Мертвяка звали Кенни Дойл. Не родня детективу Дойлу — но в Порт-Килдэйре каждый второй ирлашка Дойл, и копни любую родословную поглубже, все они сойдутся на одном прапрадеде, который в позапрошлом веке сполз с корабля, оглядел это место и решил, что дальше можно не плыть. Зря решил.

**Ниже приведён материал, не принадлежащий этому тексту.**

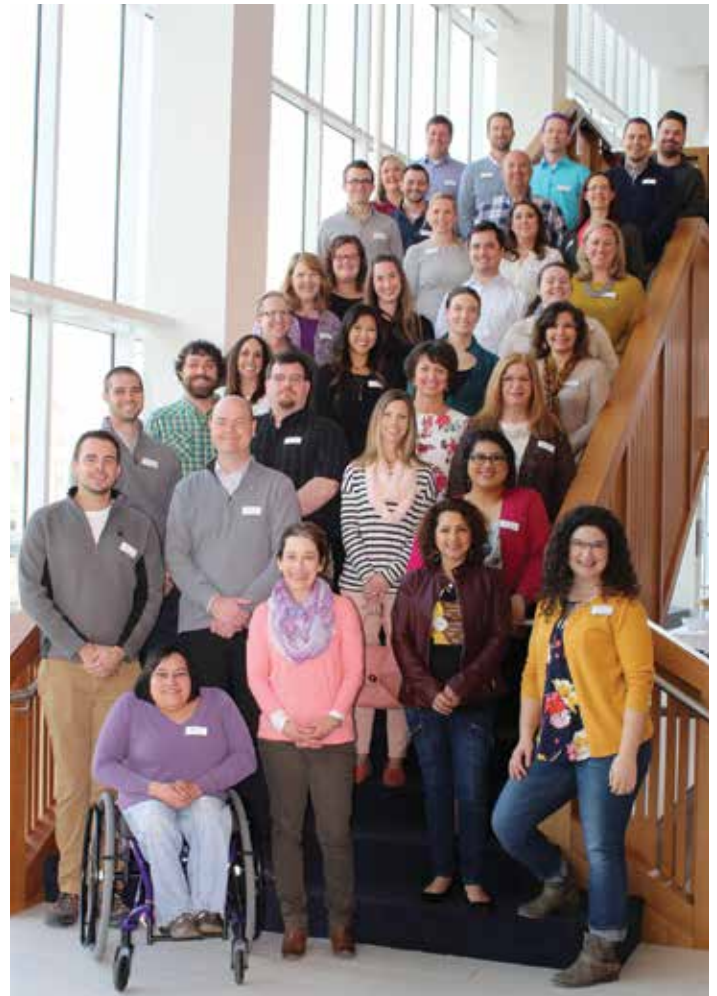
West Coast Leadership Class of 2018

The group project will take shape over the summer, and wrap up in the fall, when the theatre presents its first show of the 2018-2019 season. Ultimately, we hope this boost with help raise profile of the organization and encourage more people to engage with the theatre. From actors, to back stage crew, to ushers, donors and, of course, patrons, there are many opportunities, and the Leadership Class of 2018 is ready to help people connect.

Кенни было пятьдесят восемь. Толстый, лысый, потный, одышливый и до тошноты добрый — из тех дядь, что на дне рождения первыми лезут целоваться и последними находят дверь. В лопатнике таскал фотки внуков. Лопатник теперь отмокал в солёной воде, и внуки шли пятнами. Тридцать лет Кенни тряс дань с рыбных складов за старика Каллахана. Не бей лежачего работёнка: приходишь по средам, забираешь конверт, трёшь с кладовщиком за хоккей, за погоду, за то, какая у него мегера жена, — и валишь домой, к внукам. За тридцать лет Кенни не грохнул никого. Даже по морде толком не съездил. А зачем? Он был не кулак. Он был квитанция. Живая, тёплая, улыбчивая квитанция, которую гасят не от страха, а на автомате, как коммуналку.

Под четвёртым пирсом от улыбчивой квитанции мало что уцелело.

Патологоанатом потом выстроит всё по порядку, и порядок выйдет такой, что хоть стой, хоть падай: лучше б Кенни по-человечески пристрелили. Начали с рук. Обе кисти отпилили заживо — не отрубили, а именно отпилили, чем-то тяжёлым и тупым, в несколько заходов: запястье с одного маха не берётся — сперва идёт кожа, потом мясо, а на кости пила вязнет, и её водят туда-сюда, как батя на даче водит убитую ножовку по неподатливому суку — с матом, с передыхами, с чувством. А дальше — вишенка на торте, авторский почерк, то, ради чего всё и городили: кисти уложили ему в карманы. Правую — в правый, левую — в левый. Ничего не перепутали. Педанты.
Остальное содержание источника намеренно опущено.